Mercifully, most of us come to see that life is not an amusement park ride. It is often not fun, but it is always meaningful, and finding the meaning drives us. Viktor Frankl was right. More than anything else—more than safety and security, ease, amusement, and pleasure, power and sex—we long for meaning.

The summer holidays are holy days in much the same way that hunger is a homage to food. The disengagement from work allows us to relax and amuse ourselves. However, come August, we can experience a stickiness of Being, a simmering self-loathing, a low-boiling existential crisis. And this is as it should be. Dissatisfaction impels us.

But while our culture may accept dissatisfaction as an engine of creativity and industry, it takes a low view of deeper currents of internal dissonance and irony. The well-adjusted are always having a good day and almost no one smokes anymore. Perhaps more than any other age, we have been drawn up by the monistic optimism of progress. We are all racing forward.
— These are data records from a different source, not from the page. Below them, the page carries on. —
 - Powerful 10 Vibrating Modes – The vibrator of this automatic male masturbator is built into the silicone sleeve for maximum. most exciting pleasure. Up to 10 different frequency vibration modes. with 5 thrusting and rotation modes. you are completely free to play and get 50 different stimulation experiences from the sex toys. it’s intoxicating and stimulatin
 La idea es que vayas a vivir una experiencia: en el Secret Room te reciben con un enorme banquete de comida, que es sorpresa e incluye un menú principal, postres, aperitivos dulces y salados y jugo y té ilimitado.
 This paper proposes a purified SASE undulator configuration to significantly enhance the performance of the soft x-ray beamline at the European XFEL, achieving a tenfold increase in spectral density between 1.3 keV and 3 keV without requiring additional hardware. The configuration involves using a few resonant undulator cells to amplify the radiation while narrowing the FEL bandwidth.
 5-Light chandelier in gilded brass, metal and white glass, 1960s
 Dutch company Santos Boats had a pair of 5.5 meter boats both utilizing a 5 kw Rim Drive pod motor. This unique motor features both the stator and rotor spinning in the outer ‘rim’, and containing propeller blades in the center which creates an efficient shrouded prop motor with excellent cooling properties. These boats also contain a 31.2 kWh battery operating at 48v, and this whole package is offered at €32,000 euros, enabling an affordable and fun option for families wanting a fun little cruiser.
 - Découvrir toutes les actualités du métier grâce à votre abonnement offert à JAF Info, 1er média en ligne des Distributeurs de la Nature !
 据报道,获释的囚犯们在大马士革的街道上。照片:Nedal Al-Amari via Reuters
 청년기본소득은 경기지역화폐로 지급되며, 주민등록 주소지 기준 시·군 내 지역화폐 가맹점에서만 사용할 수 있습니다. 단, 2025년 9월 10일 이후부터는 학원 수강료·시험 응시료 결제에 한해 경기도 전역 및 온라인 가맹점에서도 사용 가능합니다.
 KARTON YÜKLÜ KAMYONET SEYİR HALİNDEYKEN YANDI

But this is a betrayal of truth. Dialectic is the habit of mind that animates both Jerusalem and Athens, faith and reason. At their most fundamental level, both theology and philosophy are non-dogmatic, non-ideological, groping in the dark. They are discussions animated by counterpoint. Both Jewish and Christian theology begin and leave off with the recognition that God is at once knowable and beyond knowing, that God cannot be contained in a horizon of understanding. Within the word philosophy itself, is the recognition that wisdom, while it can be sought and loved, will finally remain out of reach.
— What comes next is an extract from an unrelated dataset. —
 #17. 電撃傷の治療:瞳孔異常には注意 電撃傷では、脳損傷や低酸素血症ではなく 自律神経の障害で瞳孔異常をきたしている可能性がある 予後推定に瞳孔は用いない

The easy goods of summer are time, sunshine, and warmth. The season’s great gifts, though, are boredom, shade, and the cool of the afternoon. Cat on a Hot Tin Roof is the perfect summer play, crackling with conflict and revelation like a thunderstorm, sufficiently disturbing to right-size our own disquiets—like a good friend whose troubles are worse than our own. Many people love spring best, and who could fault them? In spring the whole world radiates the fresh beauty of young children. But hot, parched summer ripens the fruit of Being in all of us.

In summer, we get together with family members, some of whom may have left the faith. It is reassuring when we see that the faith has not left them. Honesty owns up to the inexorable passage of time, the shortness of life, and the hollow triumphs and disappointments of the world. But these bitters are also sweet hungers, which pay homage to the Bread of Life. The longing for God growls like an empty stomach.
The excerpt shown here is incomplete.